When estimating distances from a table of velocity data, it is not necessary that the time intervals are equally spaced. After a space ship is launched, the following velocity data is obtained. Use these data to estimate the height above the Earth's surface at 120 seconds.
(0,0) (5,110) (17, 374) (25,550) (44,968) (60,1320) (69,1743) (129,4563) are the data points
questions
what is the lower estimate of distance traveled
what is the upper estimate of distance traveled
If you plot the points, it appears to be piecewise linear, with a slope change at x=60
So, interpolating between 69 and 129, we get
1743 + (51/60)(4563-1743) = 4140
To estimate the distance traveled, we can approximate it using the trapezoidal rule, which involves summing up the areas of trapezoids formed by adjacent data points.
First, let's calculate the height at 120 seconds using the given velocity data.
To estimate the height, we need to determine the velocity at 120 seconds. Since the time intervals are not evenly spaced, we need to interpolate the velocity at 120 seconds using the given data points.
For the given data points (t, v), we can interpolate the velocity at 120 seconds using linear interpolation. Linear interpolation can be done using the formula:
v = v1 + (v2 - v1) * ((t - t1) / (t2 - t1))
where (t1, v1) and (t2, v2) are the data points that form the range in which our target time, 120 seconds, lies.
From the given data, we can identify the range that contains 120 seconds:
(69, 1743) and (129, 4563)
Using the linear interpolation formula, we can calculate the velocity at 120 seconds:
v120 = 1743 + (4563 - 1743) * ((120 - 69) / (129 - 69))
= 1743 + 2820 * (51 / 60)
= 1743 + 2427
v120 ≈ 4170
Now that we have the interpolated velocity at 120 seconds, we can estimate the distance traveled.

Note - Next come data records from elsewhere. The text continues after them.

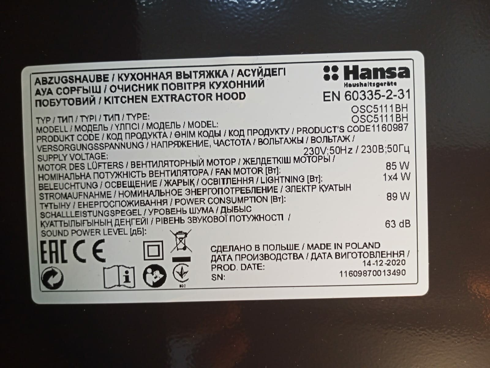 Form factor: flat, width: 50 cm, depth: 47 cm, operating modes: exhaust / circulation, maximum productivity: 158 m³/hour, installation type: wall-mounted, filter: grease, control type: mechanical, lighting type: halogen
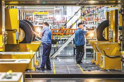 5月17日,工作人员在贵州轮胎股份有限公司“5G全连接工厂”的检验区内工作。
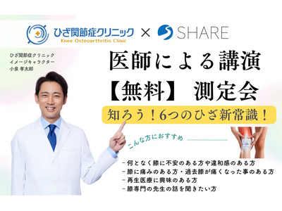 ひざ関節専門医による講演と、骨密度体組成ロコモチェックの無料測定会 医療法人社団活寿会ならびに株式会社SHARE(以下、主催者名)は、札幌市にて、医療機関とフィットネスジムが連携した無料イベン...
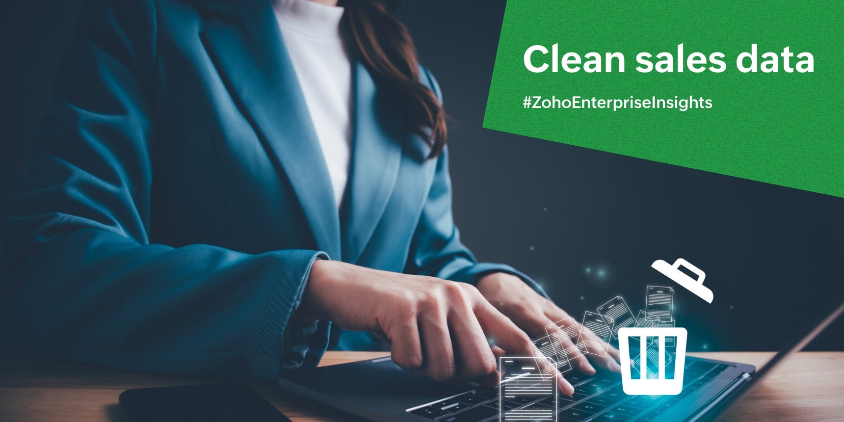 Woman in blazer typing on laptop with icons of files and trash can
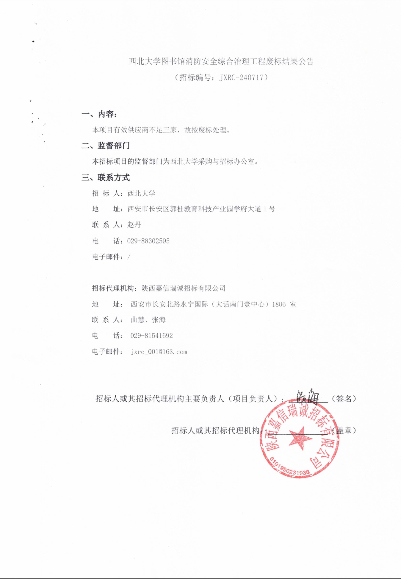 星空app官网图书馆消防安全综合治理工程废标结果公告
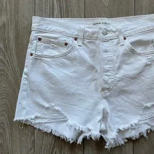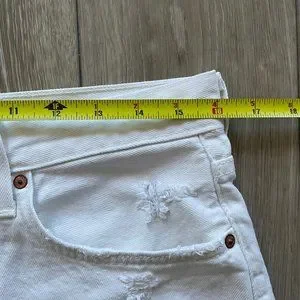 High waisted distressed cutoffs that have a nice and loose fit around the thighs. Excellent condition with no flaws to note. 100% cotton. Size 27. See photos for measurements and details.
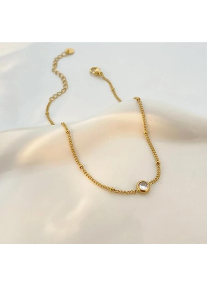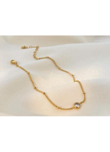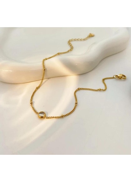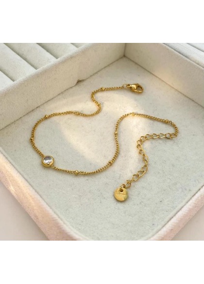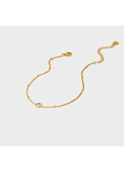 Minimalist Poesia Anklet With Tiny Beads & Zirconia
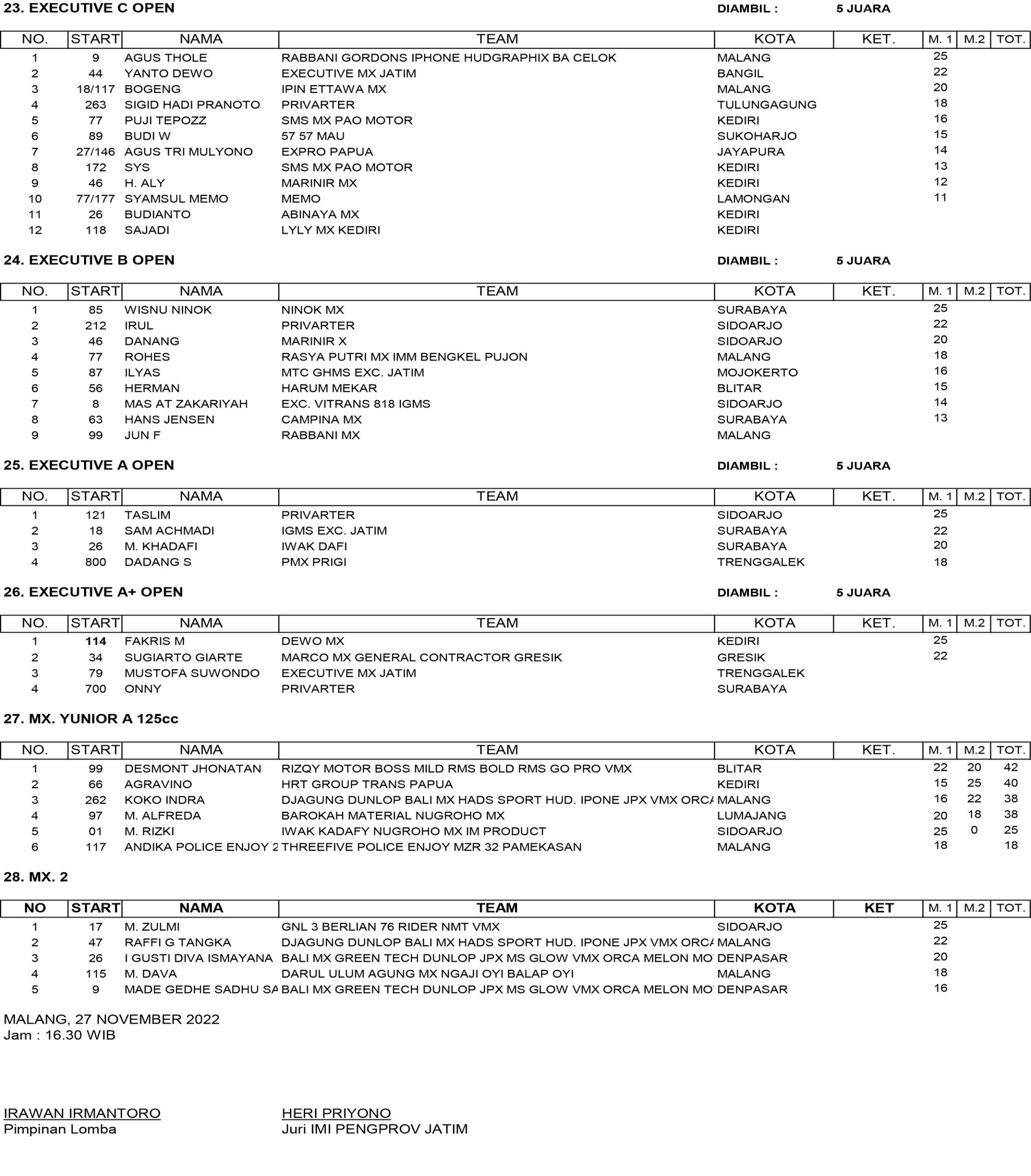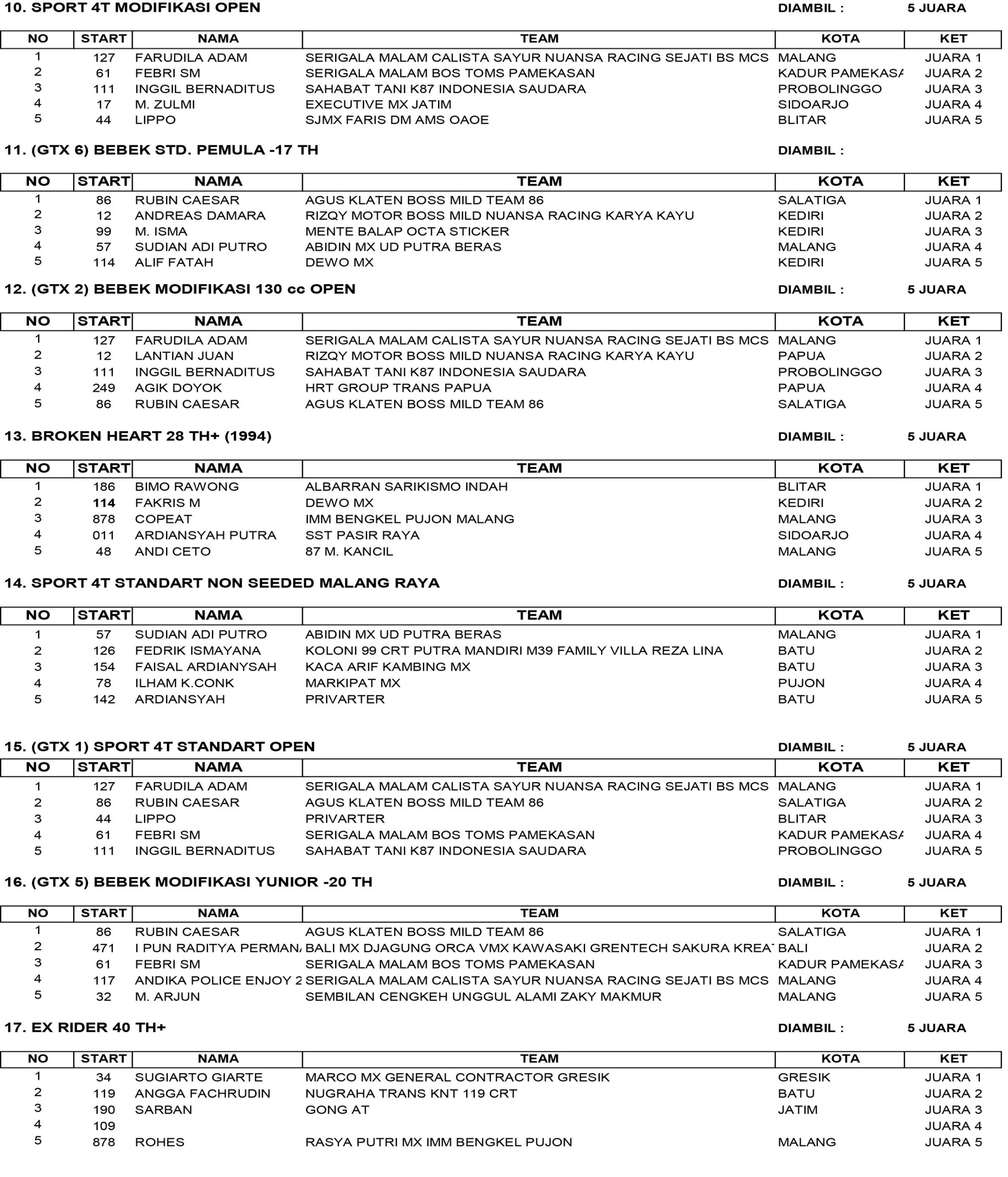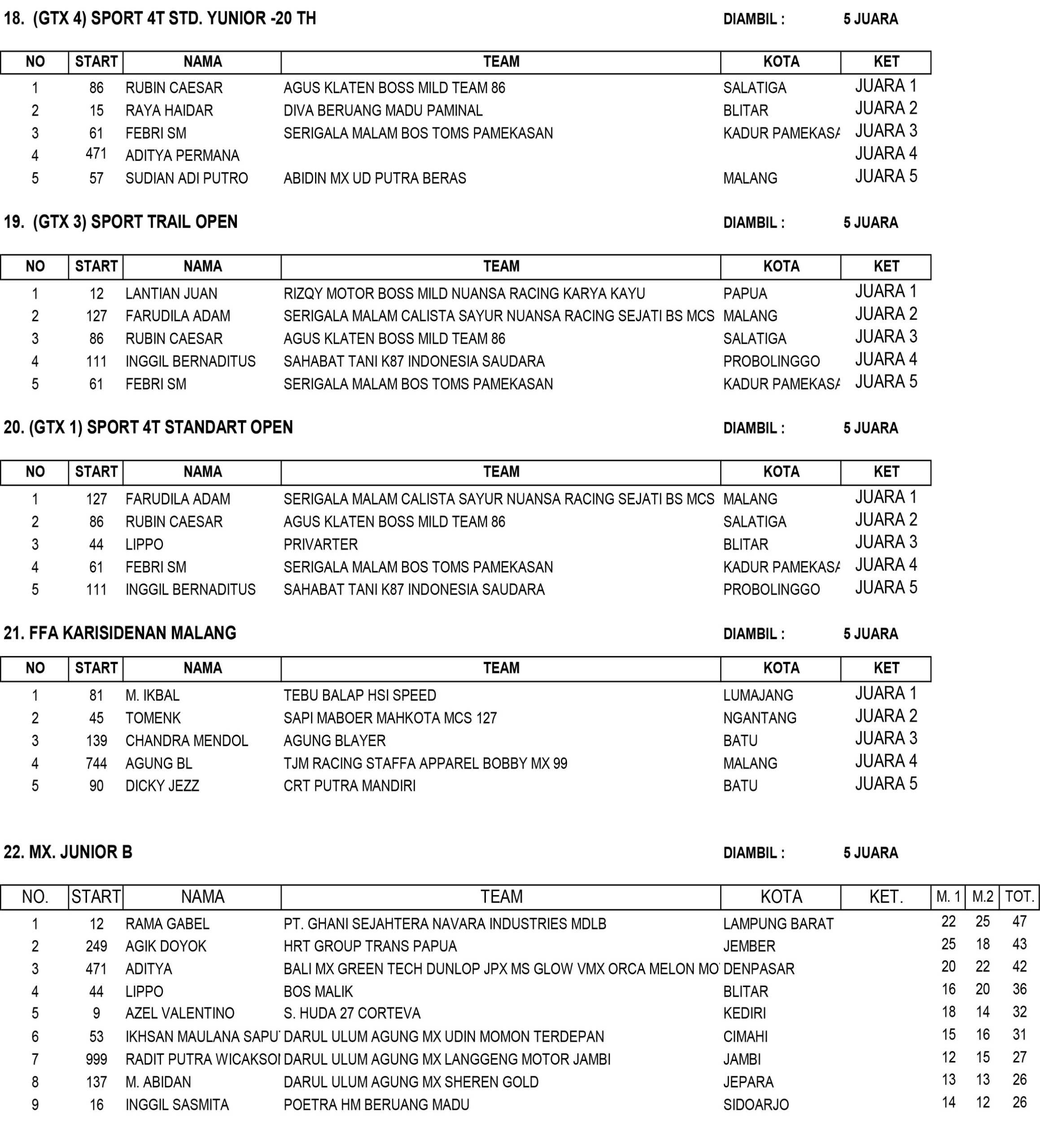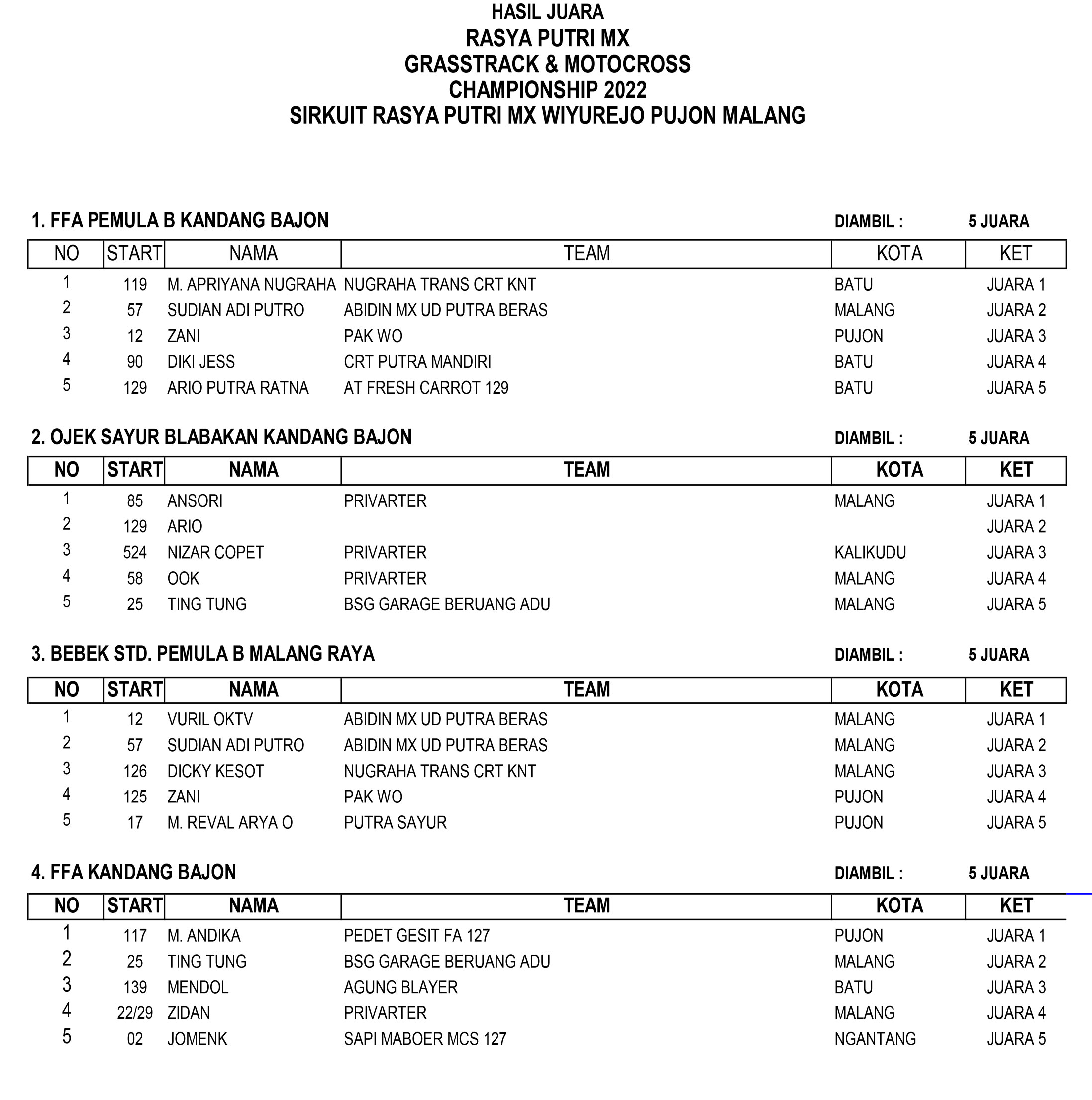 GRASSTRACK ID – Berikut hasil rasya putri grasstrack & motocross championship 2022 yang digelar tanggal 26-27 november 2022 di Sirkuit Rasya Putri MX Pujon, Malang, Jawa Timur.
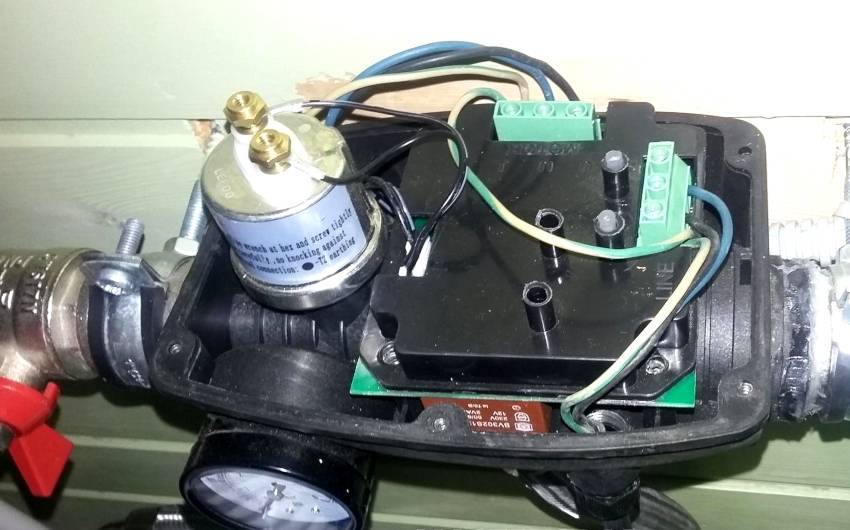 Изменение объема воды в колбе и воздуха в корпусе фиксируется автоматикой, которая контролирует циклы включения/отключения насоса
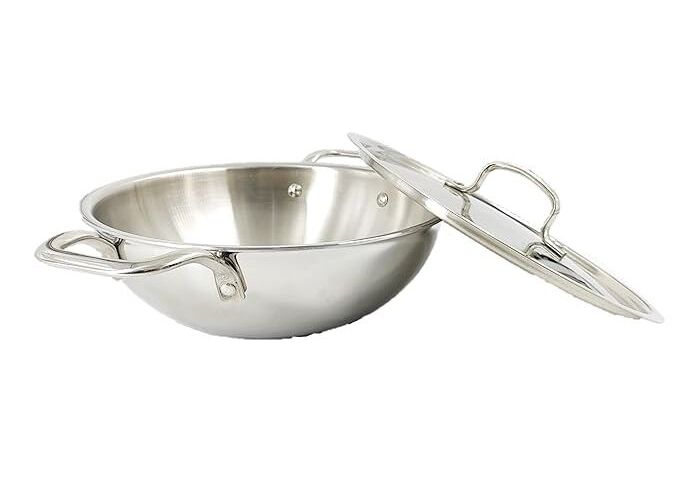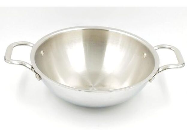 - HEAVY-DUTY STAINLESS STEEL – For balance of look and functionality, this kadai is built from high quality stainless steel with a heavy-duty 3 layer bottom. High-quality stainless steel means it will never easily scratch, break, rust or corrode, and it shall ensure faster cooking to reduce chances of food sticking/hot spots; hence without hassle you can cook or fry food.
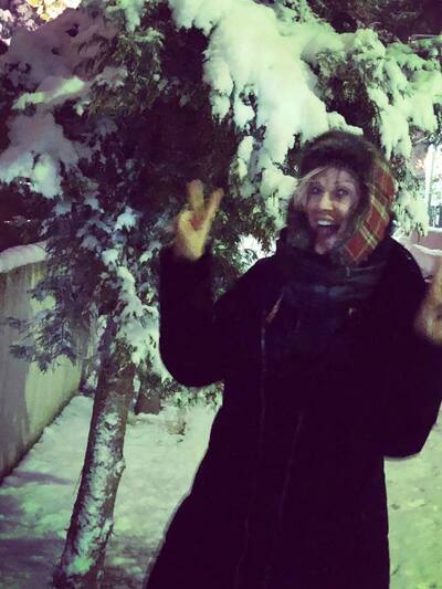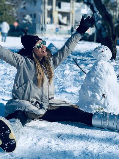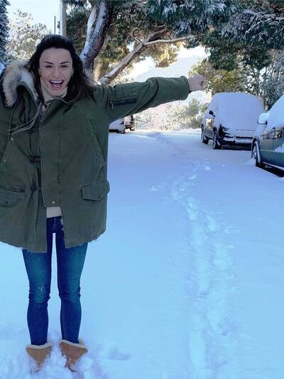 Η Μελίνα Ασλανίδου χαίρεται το χιόνι σα μικρό παιδί.
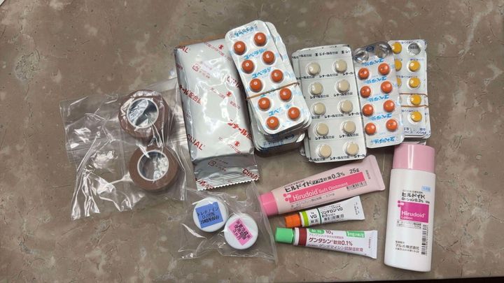 ビタミンE・C・B、張り替え用の保護テープ、肝斑に塗るトレチノインとハイドロキノン、化膿止めの軟膏と保湿剤。
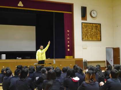 1月31日(火)、今日は北風が冷たい真冬の寒さとなりました。5・6年生では走り幅跳びの陸上競技選手、荒川大輔さんによるトップアスリート「夢・授業」がありました。荒川さんは、日本で数少ない8mジャンパーで、日本選手権で優勝、世界陸上の代表にも選ばれたトップアスリートです。
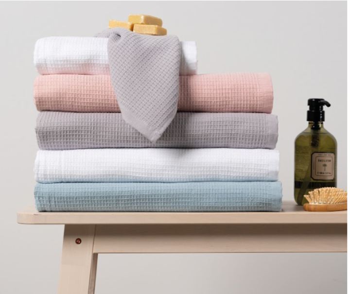 Disponibles en una armoniosa paleta de colores –azul sereno, blanco puro, gris neutro y rosa suave– estas toallas se integran fácilmente en cualquier decoración de baño, desde las más clásicas hasta las más contemporáneas. Su diseño sobrio y sofisticado las convierte en una elección ideal tanto para el uso diario como para sorprender a sus invitados.

Since the time intervals are not equal, we'll use the trapezoidal rule to approximate the distance traveled between each data point.
To estimate the lower and upper bounds of the distance traveled, we'll calculate the sum of the areas of the trapezoids formed by each adjacent pair of data points. This sum will give us an approximation of the distance.
Let's calculate the lower estimate of the distance traveled:
Lower estimate = Sum of (0.5 * (v2 + v1) * (t2 - t1)) for each adjacent data point pair
Using the given data:
Lower estimate = (0.5 * (110 + 0) * (5 - 0)) + (0.5 * (374 + 110) * (17 - 5)) + (0.5 * (550 + 374) * (25 - 17)) + (0.5 * (968 + 550) * (44 - 25)) + (0.5 * (1320 + 968) * (60 - 44)) + (0.5 * (1743 + 1320) * (69 - 60)) + (0.5 * (4170 + 1743) * (120 - 69)) + (0.5 * (4563 + 4170) * (120 - 129))
Lower estimate = 220 + 6157 + 8495 + 22819 + 49312 + 64801.5 + 108837.5 - 24562.5
Lower estimate ≈ 265180
Now, let's calculate the upper estimate of the distance traveled:
Upper estimate = Sum of (0.5 * (v1 + v2) * (t2 - t1)) for each adjacent data point pair
Using the given data:
Upper estimate = (0.5 * (0 + 110) * (5 - 0)) + (0.5 * (110 + 374) * (17 - 5)) + (0.5 * (374 + 550) * (25 - 17)) + (0.5 * (550 + 968) * (44 - 25)) + (0.5 * (968 + 1320) * (60 - 44)) + (0.5 * (1320 + 1743) * (69 - 60)) + (0.5 * (1743 + 4563) * (120 - 69)) + (0.5 * (4563 + 4170) * (120 - 129))
Upper estimate = 275 + 2420 + 5610 + 20960 + 41008 + 57092.5 + 223417.5 - 22804.5
Upper estimate ≈ 328879.5
Therefore, the lower estimate of the distance traveled is approximately 265180 and the upper estimate is approximately 328879.5 units.